As John 20 begins, three days after Jesus’ death and right before dawn on the first day of the week, Mary Magdalene approaches the tomb where her grief has brought her and sees that the stone in front of it has already been rolled away. Thinking there has been a grave robbery, she runs to tell the other disciples. Peter and “the beloved disciple” (whose real name is never told to us) now run to the tomb. The beloved disciple looks in, but Peter actually enters. They both see the same thing – the linen wrappings that covered the body of Jesus are still there, but with no Jesus in them.

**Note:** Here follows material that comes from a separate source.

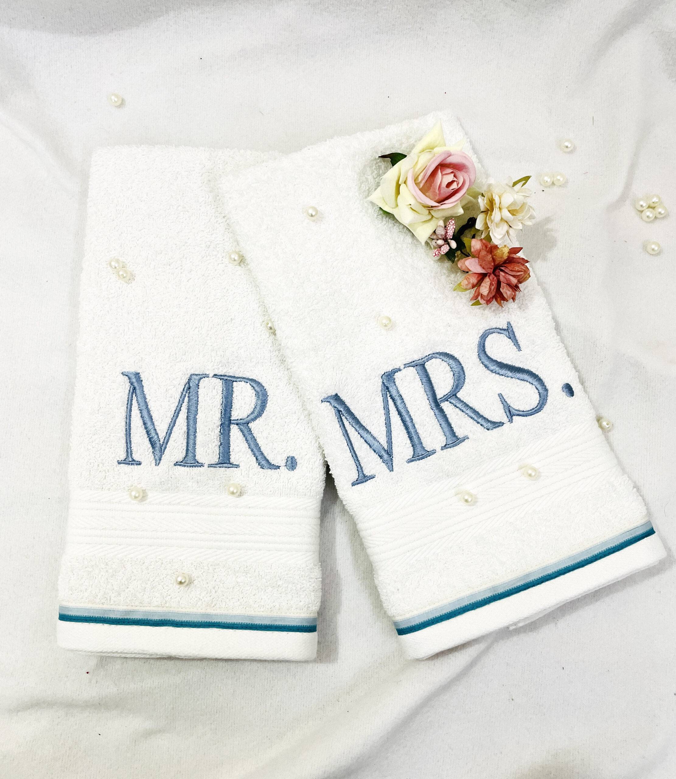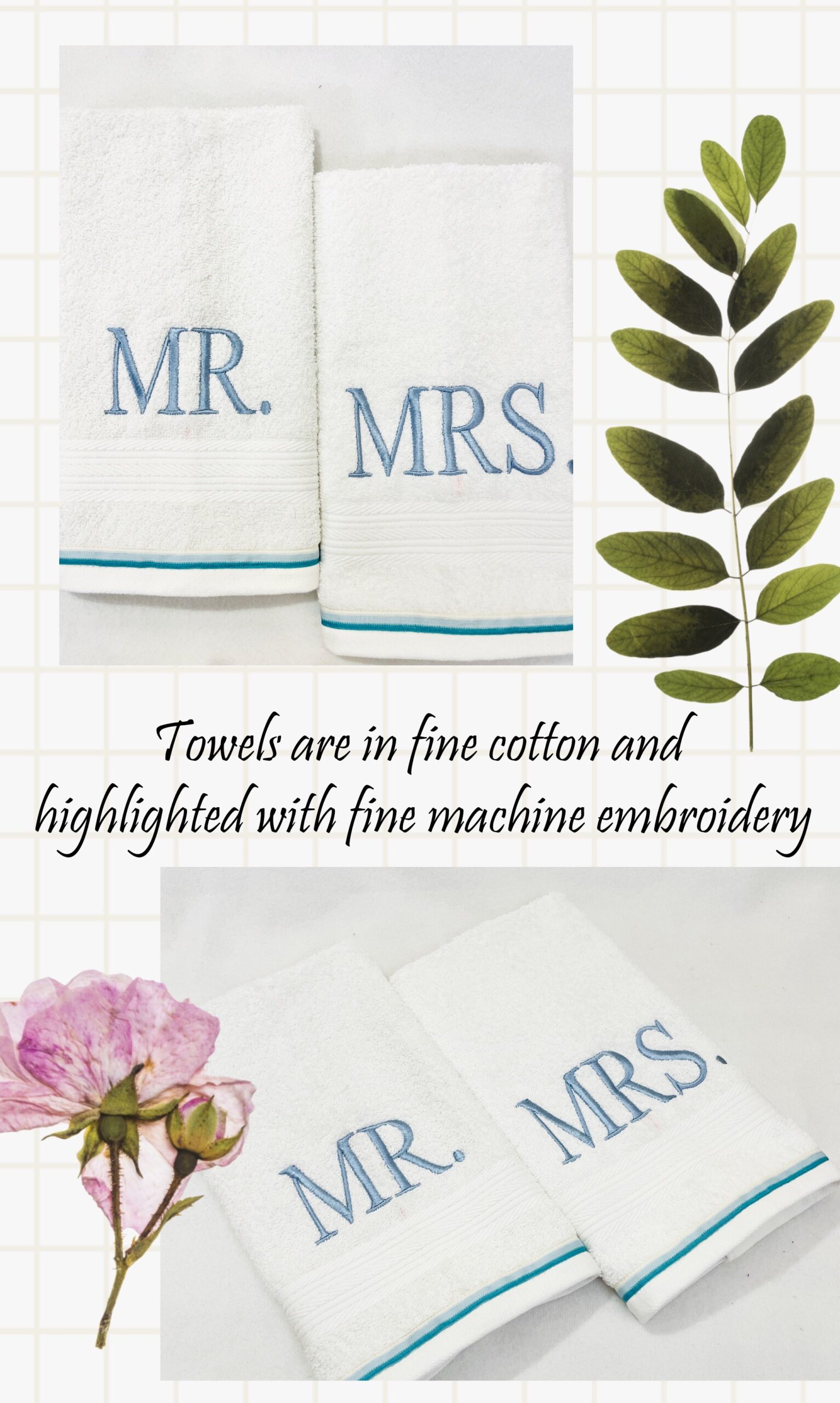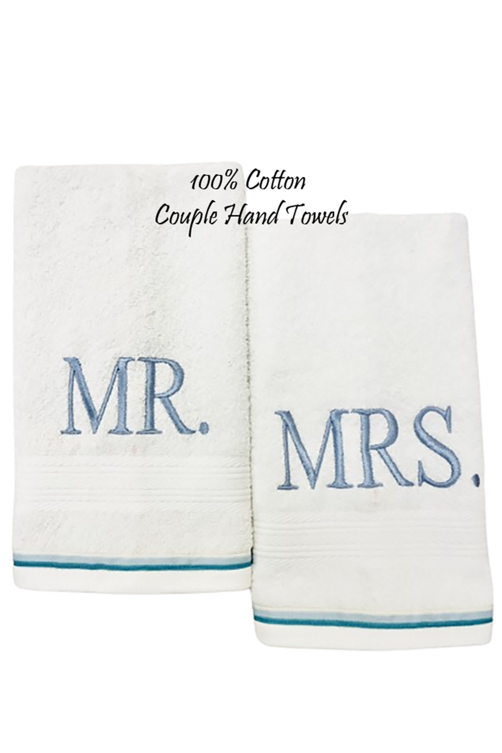 • Set Includes: One “MR.” hand towel, one “MRS.” hand towel.

Something begins to swell within the beloved disciple, an edge-of-your-seat anticipation that the story is not over after all! The two of them walk back home, minds blown, wondering what will happen next. But Mary remains at the tomb, weeping. Faith and excitement aren’t setting in for her just yet, but she eventually works up the courage to peer into the tomb and sees something that Peter and the other disciple didn’t see: two angels.
“Why are you weeping?” they ask her. “They have taken away my Lord,” she replies, right before sensing someone behind her. It is Jesus himself in the flesh, though she doesn’t recognize him at first. She supposes him to be the gardener.

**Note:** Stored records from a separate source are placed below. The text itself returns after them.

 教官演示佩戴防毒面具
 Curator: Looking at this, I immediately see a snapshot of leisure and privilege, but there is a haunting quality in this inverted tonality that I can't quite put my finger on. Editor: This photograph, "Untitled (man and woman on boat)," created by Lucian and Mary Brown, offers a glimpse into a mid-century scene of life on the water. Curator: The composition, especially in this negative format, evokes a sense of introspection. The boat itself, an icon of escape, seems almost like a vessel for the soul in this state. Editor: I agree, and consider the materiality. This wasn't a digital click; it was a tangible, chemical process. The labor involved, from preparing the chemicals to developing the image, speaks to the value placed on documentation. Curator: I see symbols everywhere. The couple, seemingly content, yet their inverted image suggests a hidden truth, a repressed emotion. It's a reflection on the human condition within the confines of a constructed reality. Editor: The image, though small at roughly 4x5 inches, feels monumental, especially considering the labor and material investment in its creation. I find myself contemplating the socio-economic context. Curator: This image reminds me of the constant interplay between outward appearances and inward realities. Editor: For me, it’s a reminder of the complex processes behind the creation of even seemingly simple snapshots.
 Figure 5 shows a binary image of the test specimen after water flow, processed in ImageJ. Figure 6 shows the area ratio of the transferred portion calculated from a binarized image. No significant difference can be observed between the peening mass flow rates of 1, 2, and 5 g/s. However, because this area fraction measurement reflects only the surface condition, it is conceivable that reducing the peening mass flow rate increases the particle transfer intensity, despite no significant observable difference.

The gardener? In a way, Mary couldn’t be more wrong. And in another way, she couldn’t be more right.
We’re told at the end of John 19 that Jesus is buried in a garden, and now Jesus is taken to be the one who presides over and cares for that garden. It’s not the first garden in the Bible we’ve spent time in, is it? In John 19, the death of Jesus happens in the language of the Exodus. The sacrificial lamb gives its life in order that the powers that enslave humans may be overthrown and the people of God would walk free. Now as Jesus is buried and raised in a garden, we’re shifting to the language of Genesis. Something new is being breathed into existence, and no serpent will poison it, for the serpent was defeated on the cross. We live in a fundamentally new reality. The world is not what it was a few days earlier, before Jesus died. The resurrection of Jesus isn’t only for Jesus. It is the renewal of all of creation. We’ve come back to a garden where all things are being set in motion by the life-giving Spirit of God.
Are we awake to this? Are we paying attention to all the ways this new creation is unfolding all around us? Scripture speaks constantly about our ability to listen, to watch, to pay attention with both our physical and spiritual senses to what’s going on around us. John chapter 20 is naming our new reality, and we must be able to awaken to it. Of course, there are a lot of days that the world around us feels anything but new. It feels old and broken. But let’s look deeper. Life looks broken when our eyes are only partially opened. But if we’re willing to pay attention, we’ll start to see the whole picture. Like Mary Magdalene, we’ll start to see that Jesus was standing in front of us all along.
New creation is sprouting up everywhere we’re willing to see it. Where fear and addiction lose their grip on us, where marriages are saved from the brink of divorce, where anger and division lose territory to self-giving love – there is new creation.